A lot of this may depend on the stability of your scanner. I hope that
a MR physicist out there can comment more on the effects of shimming etc.
Realignment is not a panacea for all movement artifacts within the scanner.
Some of the artifacts it does not correct are:
Interpolation error from the resampling algorithm used to
transform the images can be one of the main sources of motion
related artifacts. When the image series is resampled, it is
important to use a very accurate interpolation method such as
sinc or Fourier interpolation.
When MR images are reconstructed, the final images are usually
the modulus of the initially complex data, resulting in any
voxels that should be negative being rendered positive. This has
implications when the images are resampled, because it leads to
errors at the edge of the brain that can not be corrected however
good the interpolation method is. Possible ways to circumvent
this problem are to work with complex data, or possibly to apply
a low pass filter to the complex data before taking the modulus.
The sensitivity (slice selection) profile of each slice also
plays a role in introducing artifacts.
fMRI images are spatially distorted, and the amount of distortion
depends partly upon the position of the subject's head within the
magnetic field. Relatively large subject movements result in the
brain images changing shape, and these shape changes can not be
corrected by a rigid body transformation.
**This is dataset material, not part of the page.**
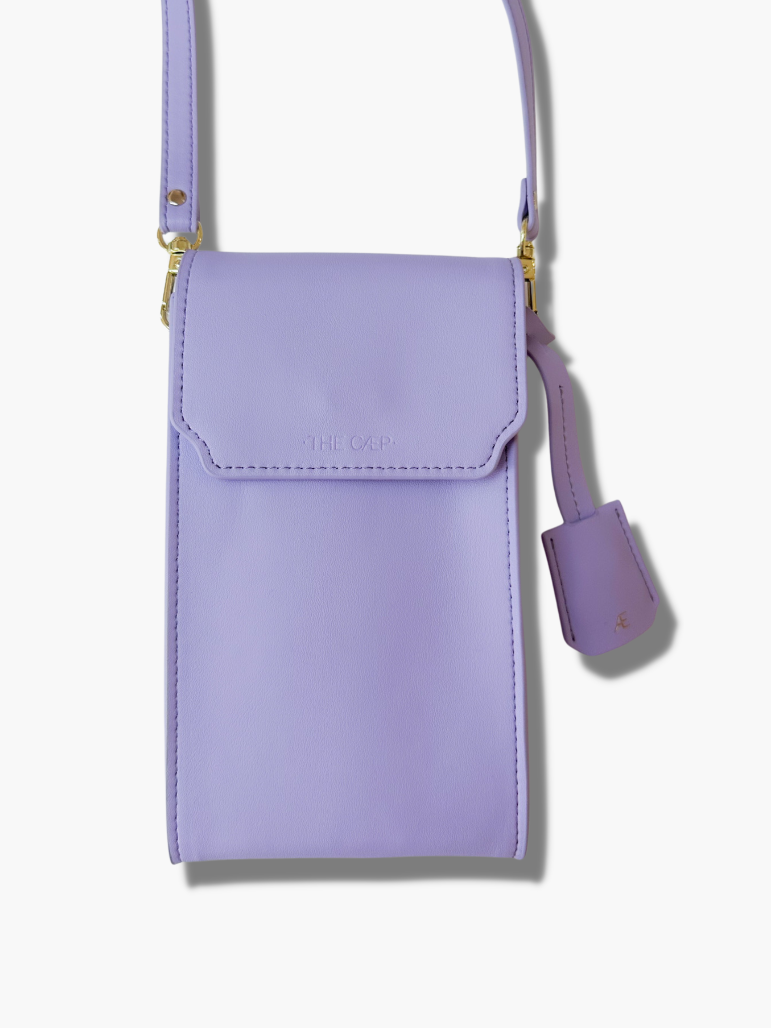 Das aus hochwertigem veganem Leder gefertigte Hoop-Portemonnaie in Lavendel bietet Platz für bis zu vier Kreditkarten. Dieses Portemonnaie verfügt über eine elastische Schlaufe mit Kordelzug zum einhändigen Schreiben von Textnachrichten und Fotografieren und dient gleichzeitig als praktischer Ständer.

Each fMRI volume of a series is currently acquired a plane at a
time over a period of a few seconds. Subject movement between
acquiring the first and last plane of any volume leads to another
reason why the images may not strictly obey the rules of rigid
body motion.
After a slice is magnetised, the excited tissue takes time to
recover to its original state, and the amount of recovery that
has taken place will influence the intensity of the tissue in the
image. Out of plane movement will result in a slightly different
part of the brain being excited during each repeat. This means
that the spin excitation will vary in a way that is related to
head motion, and so leads to more movement related artifacts.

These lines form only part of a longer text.